L’énoncé de l’équation à résoudre est donc simple: sachant qu’il y aura moins de capacité de production d’électricité disponible, mais que la demande sera supérieure aux moyennes observées ces dernières années, le système électrique français pourra-t-il adapter l’offre à la demande?
 
RTE a étudié trois scénarios différents: un été normal, une petite canicule (avec des températures grimpant tout de même à 7°C au dessus de la normale) et une longue période de sécheresse couplée à la canicule.
 
Dans les deux premiers cas, la France ne devrait pas connaître de problème. Elle pourrait même exporter jusqu’à plusieurs milliers de MW par jour.
 
Les choses se compliquent si les dieux de la météo nous sont contraires. En clair, si la situation de sécheresse venait à se combiner à une longue période de forte chaleur, la capacité de production hexagonale s’en ressentirait fortement.

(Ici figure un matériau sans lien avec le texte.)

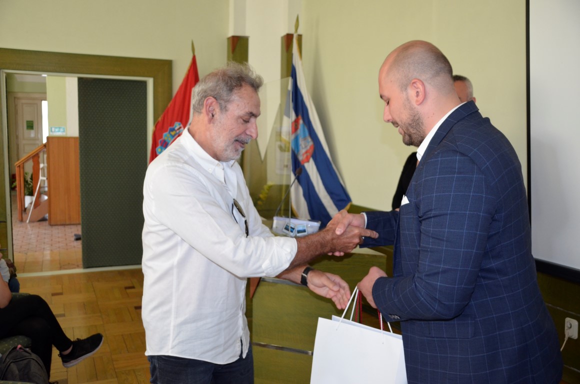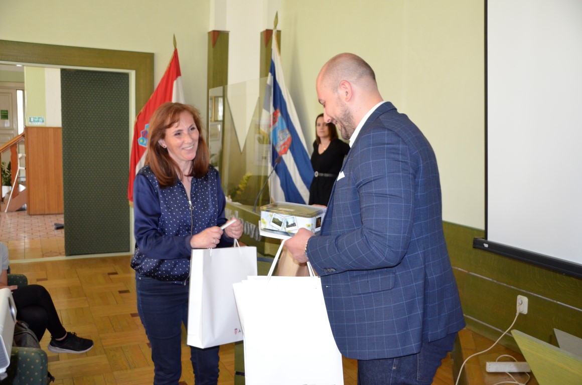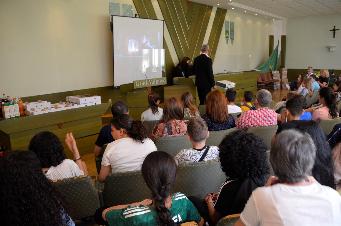 U velikoj gradskoj vijećnici, nakon pozdravnih riječi Marka Barišića, projekcijom filma o Valpovu i njegovim znamenitostima sudionici ovog međunarodnog projekta upoznati su gradom domaćinom, a potom su razmijenili poklone.

Et les électriciens français devraient alors importer jusqu’à 6.000 MW par jour pour éviter le black out.
Reste à savoir si les capacités de production seront alors disponibles chez nos voisins. Sept réacteurs nucléaires sont déjà hors service. L’été n’est pas forcément la période la plus ventée sur le littoral de la mer du Nord, où sont installées nombre de fermes éoliennes allemandes.
 
La Grande-Bretagne souffre, elle aussi, de la sécheresse. Ce qui ne devrait pas lui permettre d’exporter beaucoup d’électrons.
 

Quant aux capacités d’exportations espagnoles, suisses et italiennes, celles-ci sont limitées par la capacité de transport des lignes à haute tension avec la France (les interconnexions).